371 Schwartz MW, Woods SC, Porte D, dkk.: Sistem saraf pusat
pengendalian asupan makanan.Alam2000;404:661–671.
372 Bruning JC, Gautam D, Burks DJ, dkk.: Peran insulin otak
reseptor yang mengontrol berat badan dan reproduksi.Sains
2000;289:2122–2125.
373 Plum L, Belgardt BF, Bruning JC: Aksi insulin sentral dalam
homeostasis energi dan glukosa.Jurnal Investigasi Klinis 2006;
116:1761–1766.
374 Matsuda M, Liu Y, Mahankali S, dkk.: Perubahan fungsi hipotalamus
dalam menanggapi konsumsi glukosa pada manusia obesitas.Diabetes
1999;48:1801–1806.
375 Obici S, Feng Z, Karkanias G, dkk.: Penurunan hipotalamus
reseptor insulin menyebabkan hiperfagia dan resistensi insulin pada
tikus.
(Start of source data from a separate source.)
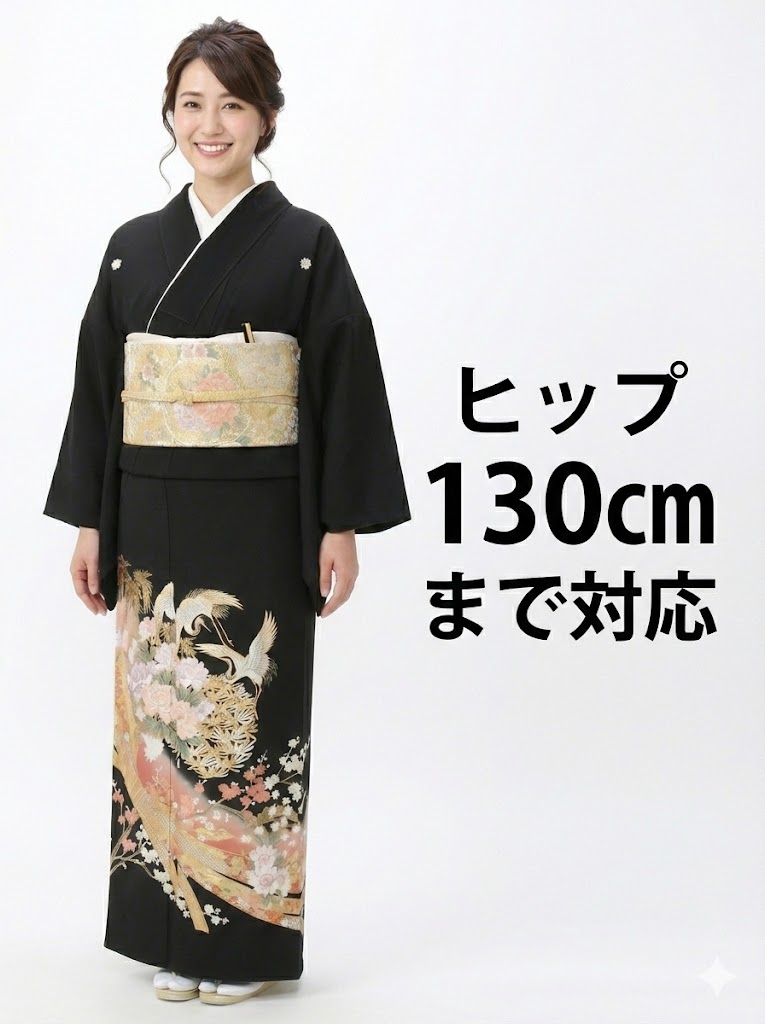 雅な古典柄と巧みな色使いが麗しい黒留袖優雅で華やかな王朝文化を偲ばせる古典柄と磨き抜かれた色合いが、なんともいえない美しさです。まず目に留まるのは、華やかな花々に包まれた御所車(ごしょぐるま)の花車文様。裾にかけて配された蔓帯(かずらおび)と扇の文様です。花車は、御所車と花を合わせた、平安王朝を象徴する華麗な柄。菊・牡丹・松竹梅の縁起が良いとされる吉祥文様が御所車を囲みます。草花の緑は、常緑樹の松の色としてよく用いられる常盤(ときわ)色と孔雀石(くじゃくいし=マラカイト)の色として知られる緑青(ろくしょう)色。2色を巧みに使うことで立体感が生まれ、草花が生命力に富んでより瑞々しさを感じます。柄全体に彩られた紅・橙・紫による色の濃淡と、常盤と緑青によるコントラストが目にも鮮やかな色彩になり、人々の目を楽しませてくれるでしょう。花車と草花文様の冴えわたるデザインとはうってかわって、蔓帯文と扇文による流れるような意匠が対照的。蔓帯は能の衣装で使う、細くて長いリボンのような布に繊細な模様が描かれたもの。末広がりの形をしたおめでたい柄の扇文とともに、文様の中に古典柄があしらわれており、お着物を優美に魅せています。花車などの柄が大胆にもかかわらず、端整で見目麗しい一着に仕上がっています。お祝いの席で素敵に装って、ぜひ列席者の皆さんを魅了してください。商品詳細商品番号mito_138商品名北281 花車 フリー素材表地:正絹100% 裏地:比翼仕立合成繊維サイズ裄70cm・身丈159cm・袖丈49cm サイズの詳細は*こちらをクリック*してください。対応身長155cmから159cm位 / 洋服サイズ 15〜19号位までコーディネート留袖(着物)以外の帯や小物などはお選び頂いた着物に合わせて当店スタッフがコーディネートさせていただきます。 ご要望などのあるお客様は備考欄に具体的にご記入ください。注意事項商品の色目につきましては、お客様のご覧になられますパソコン機器及びモニタなどの違いにより実際の商品素材の色と相違する場合が御座います。予めご了承下さい。注意事項2帯に関しましては、商品の出荷状況などにより同じ物をご用意させて頂くお約束ができません。同じような帯のイメージでコーディネートさせて頂きますので、ご了承の程、よろしくお願い致します。レンタル前にご予約状況と対応サイズを必ずご確認ください!※ご利用日が○であれば前後日が×だとしても借りることができます。 14,800円 税込 送料別 カードOK レビュー19件 レンタル衣裳 マイセレクト ![]() | ||
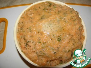 • Рыбу, лук и капусту 2 раза пропустить через мясорубку
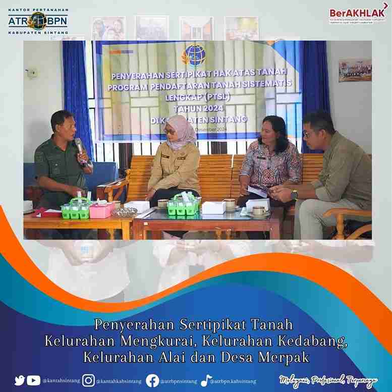 Kepala Kantor Pertanahan Kabupaten Sintang, Catur Widayanti, S.S.T., M.Eng beserta tim satgas fisik dan satgas yuridis PTSL ASN melakukan penyerahan sertipikat tanah Kelurahan Mengkurai, Kelurahan Kedabang, Kelurahan Alai dan Desa Merpak pada Kamis, 19 Desember 2024.

Ilmu Saraf Alam2002;5:566–572.
376 Obici S, Feng Z, Tan J, dkk.: Resep melanokortin sentral
tor mengatur kerja insulin.Jurnal Investigasi Klinis 2001;108
:1079–1085.
377 Jastreboff AM, Sinha R, Lacadie C, dkk.: Korelasi saraf dari stres-
dan keinginan makanan yang diinduksi isyarat makanan pada obesitas: hubungan
dengan kadar insulin.Perawatan Diabetes2012, 15 Oktober [Epub].